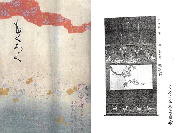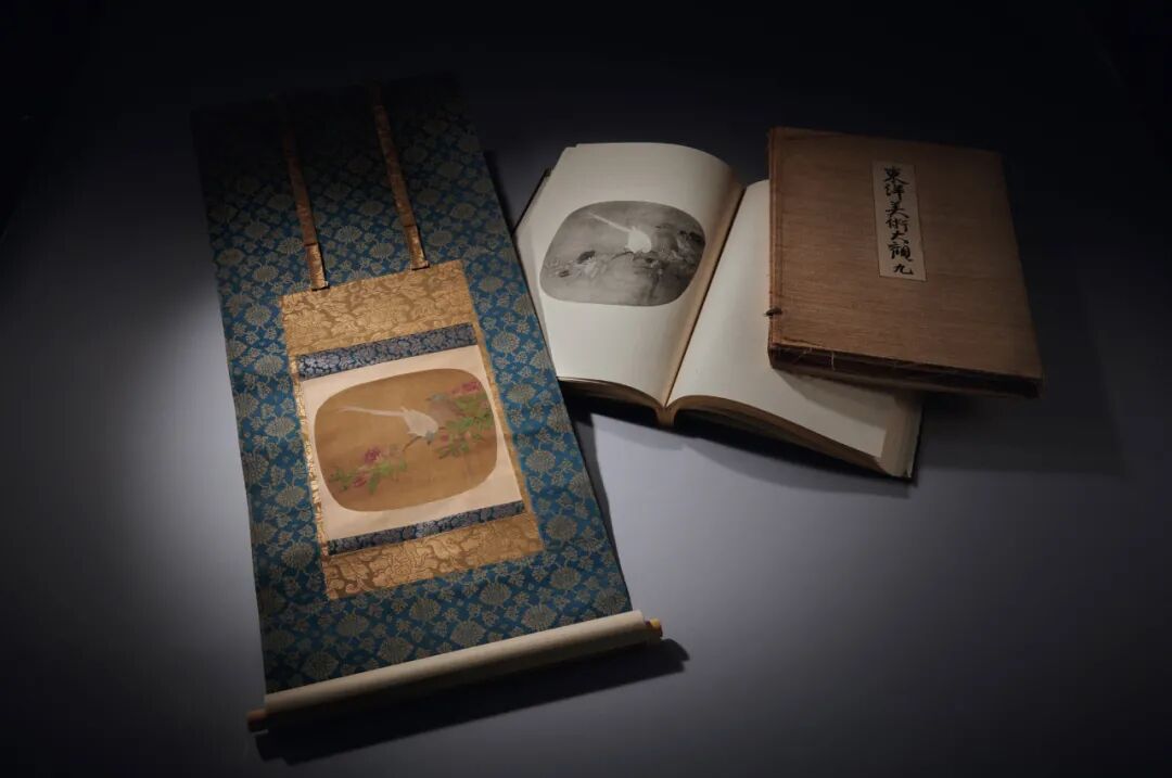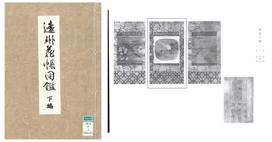 (《远州藏帐图鉴》里收录的《石榴小禽图》和李迪的两幅画)
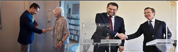 På en presskonferens ser jag moderatledaren och SD-ledaren tala om att de efter nästa val siktar på en fyrpartiregering där SD kommer att få ”viktiga ministerposter”. En regering där det är ”naturligt” (enligt M-ledaren) att SD får speciellt inflytande över de områden där de framförallt kan utöva sin nationalistiska främlingsfientlighet. Men moderatledaren ska enligt överenskommelsen vara statsminister oavsett vilket parti som blir störst i valet.
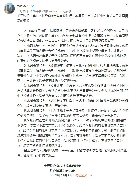 前不久,沈阳市第127中的一位金姓老师怀疑家长举报其有偿补课,在家长解释时,金老师丈夫出现将家长打伤。事件曝光后,引发舆论关注。近日,继当地联合工作组调查确认违规有偿补课、打伤学生家长行为属实之后,当地纪委监委迅速对问题线索进行审查调查,作出了涉事教师被开除、校长被免职等处分决定,并严肃追究了相关部门治理有偿补课问题不到位的责任。

☆ ☆ ☆

> _PROBLEM DETAILS_: Please, without any of the pictures, set down exactly the lines from the beginning of the listing to the line that contains "På en presskonferens", inclusive.

> _RESULT OF THIS TASK_:
 (《远州藏帐图鉴》里收录的《石榴小禽图》和李迪的两幅画)
 På en presskonferens ser jag moderatledaren och SD-ledaren tala om att de efter nästa val siktar på en fyrpartiregering där SD kommer att få ”viktiga ministerposter”. En regering där det är ”naturligt” (enligt M-ledaren) att SD får speciellt inflytande över de områden där de framförallt kan utöva sin nationalistiska främlingsfientlighet. Men moderatledaren ska enligt överenskommelsen vara statsminister oavsett vilket parti som blir störst i valet.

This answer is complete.